Today, the AW109 line is represented by the Leonardo AW109 GrandNew, powered by Pratt & Whitney PW207C engines. It has a maximum range of over 400nm, and most notably it has all-new digital avionics, featuring advanced satellite navigation and synthetic vision/enhanced vision system capabilities, as well as a composite airframe.
The company also offers another variant of the AW109, the Leonardo AW109 Trekker, which has fixed landing skids and is capable of operating in some of the world’s more challenging environments.
Leonardo AW119 Development
Certified in 1999, the A119 Koala, known as the AW119 since the merger of Agusta and Westland in 2000, is a single-engine development of the A109 family, providing an economical solution for operators.
The aircraft offers many of the A109E’s advantages – such as space, along with system redundancies – but is much less expensive, appealing to those who do not need the redundancy provided by two engines.
It is powered by a single PT6B engine from Pratt & Whitney and can hold up to seven passengers, with range extending to just over 500nm.
An upgraded version of the Koala, the AW119Ke (‘Koala Enhanced’) hit the market in 2007, offering a greater range and take-off weight, among other enhancements. This was followed by the AW119 Kx, which was launched in 2012 and brought a Garmin G1000H glass integrated flight deck; operators can also opt for a Genesys Aerosystems IFR avionics package.
Leonardo’s Medium to Large Turbine Helicopters
The Leonardo AW139 came to market in 2003, with the medium-sized helicopter proving a success thanks to its versatility. It is powered by two 1,679shp Pratt & Whitney PT6C-67C turboshafts and is extremely spacious, capable of providing seating for four or five with cabinetry.
The Leonardo AW189, meanwhile, offers the largest passenger cabin in its class, according to Leonardo, with the ability to seat up to 14 in excellent comfort.
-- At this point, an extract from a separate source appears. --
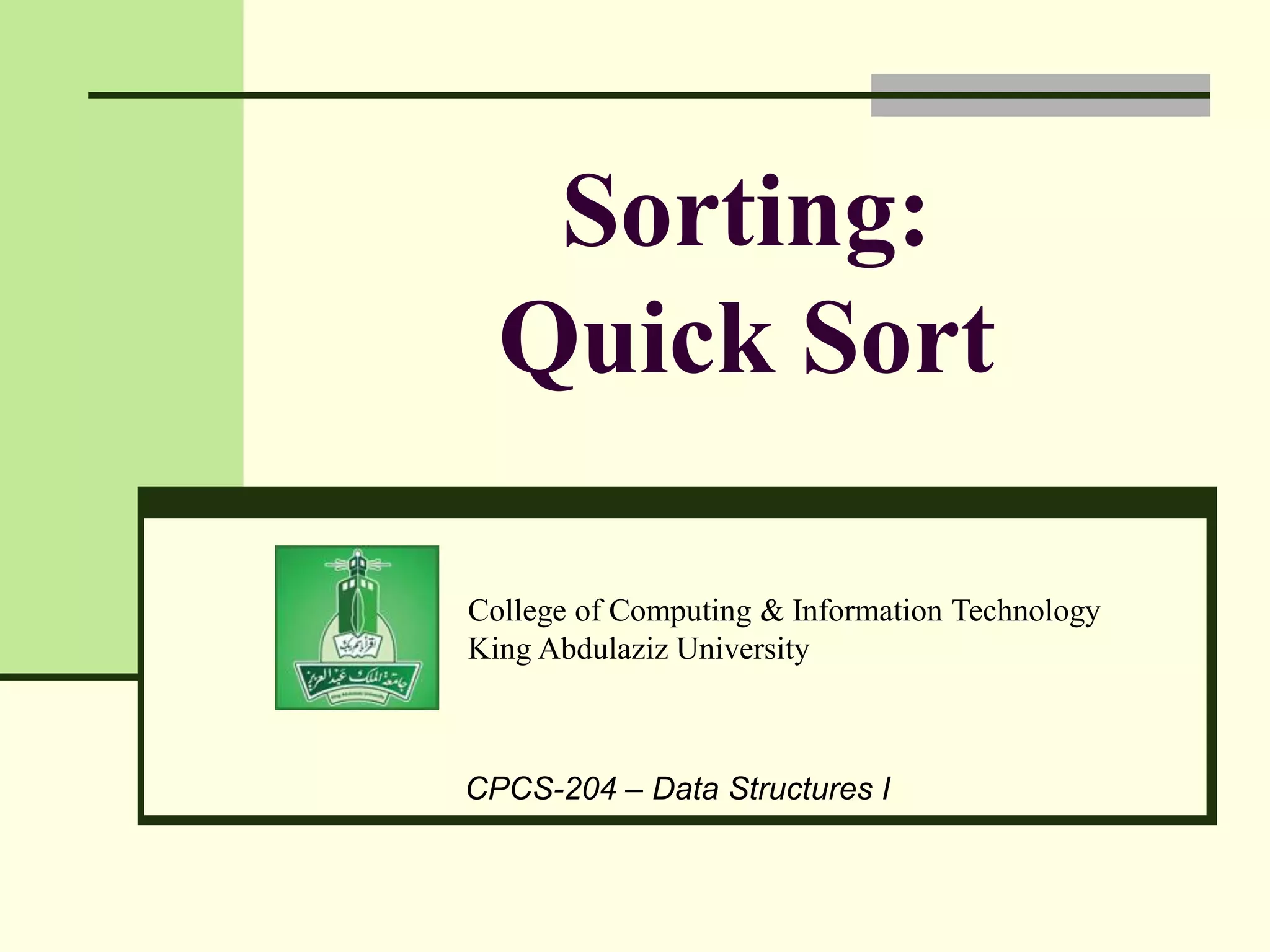 This document discusses quick sort, one of the most common sorting algorithms. Quick sort uses two main ideas - partitioning and recursion. It works by partitioning an array around a pivot element, and then recursively sorting the subarrays on each side of the pivot. In the best case, where the pivot always partitions the array in half, quick sort runs in O(n log n) time. However, its performance depends on how well it can partition the array on each iteration. The document provides pseudocode for quick sort and discusses strategies for choosing a good pivot element to improve its average runtime.

It can be powered by two General Electric CT7-2E1 engines along with one Safran e-APU, or a combination of the latter with two Safran Aneto-1K powerplants.
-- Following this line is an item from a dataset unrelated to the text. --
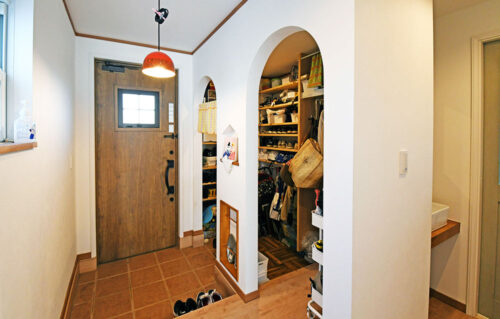 ▲大容量のシューズクロークも造作のアーチの入口でおしゃれに。
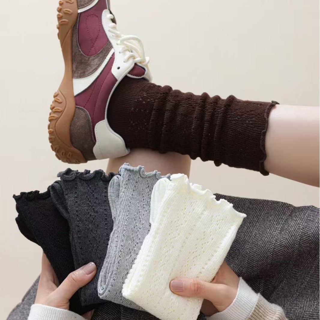 2025秋冬新品小腿袜镂空韩系花边长筒堆堆袜子女网红爆款无骨棉袜

And finally, the Leonardo AW169 shares many of the features of the AW139 and AW189, but in a smaller package. It can hold passengers in a range of configurations, from a five- to a ten-seat design.
The helicopter is powered by two Pratt & Whitney Canada PW210A engines and features a unique, high-spec Cabin Management System (CMS).
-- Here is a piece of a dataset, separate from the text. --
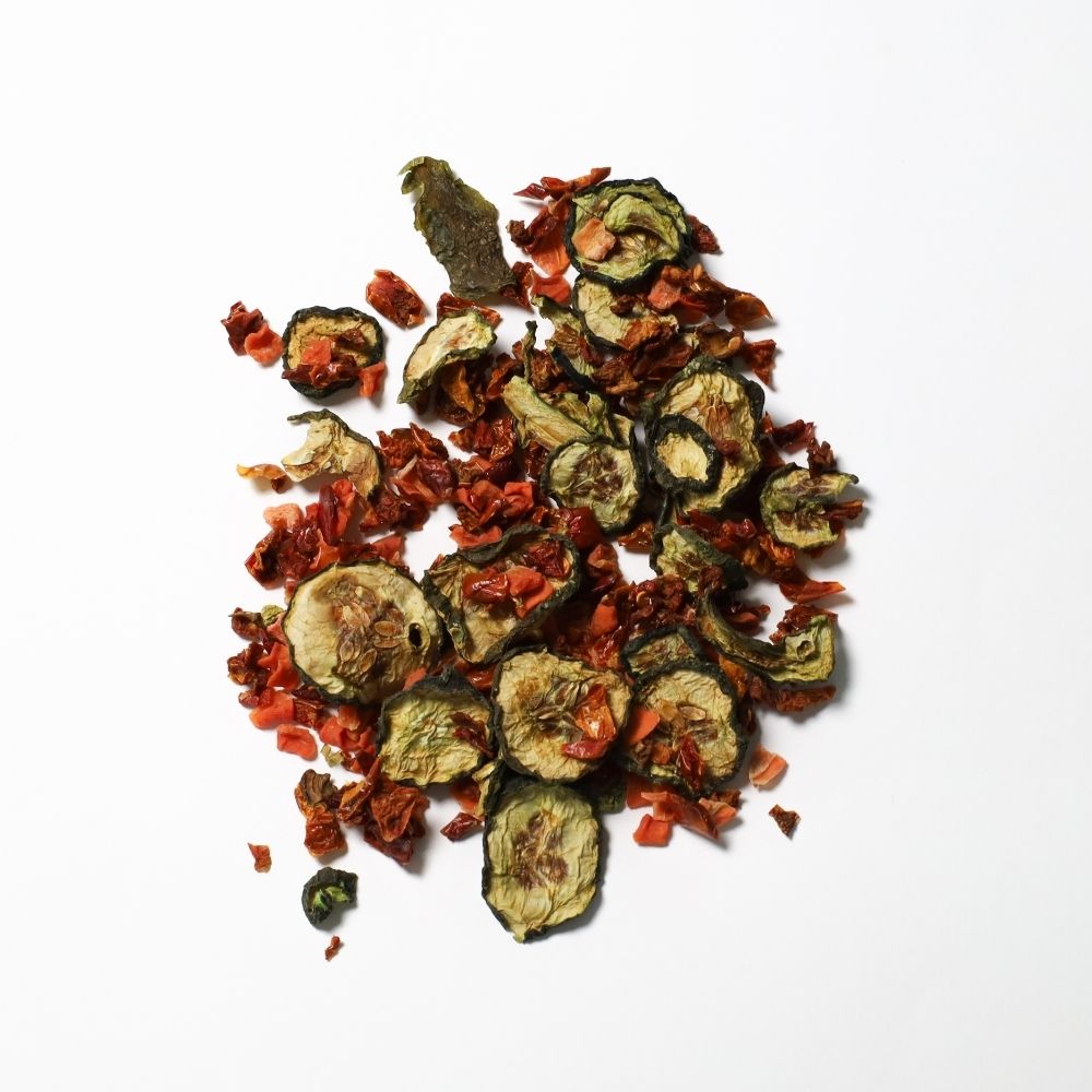 Dale a tus mascotas una combinación nutritiva y llena de sabor con nuestro alimento multivitamínico natural a base de pepino, pimiento, tomate y zanahoria. Este mix cuidadosamente seleccionado es una excelente fuente de vitaminas y minerales esenciales ideal para incorporar a la dieta de conejos y roedores.

Leonardo also has a range of aircraft under development that will likely appeal to many in the VIP and corporate space. For example, the Kopter SH09 is a single-engine helicopter powered by a Honeywell HTS900 that has a range of 430nm and can hold up to eight passengers.
Meanwhile, the AW609 tiltrotor aircraft is also pitched at the executive market, blending the speed and range of a fixed-wing turboprop with the take-off and landing flexibility that comes with a helicopter. It is envisioned to hold up to seven passengers in a VIP configuration, or up to nine passengers. And for the VVIP market, Leonardo offers its AW101, providing seating for up to 30.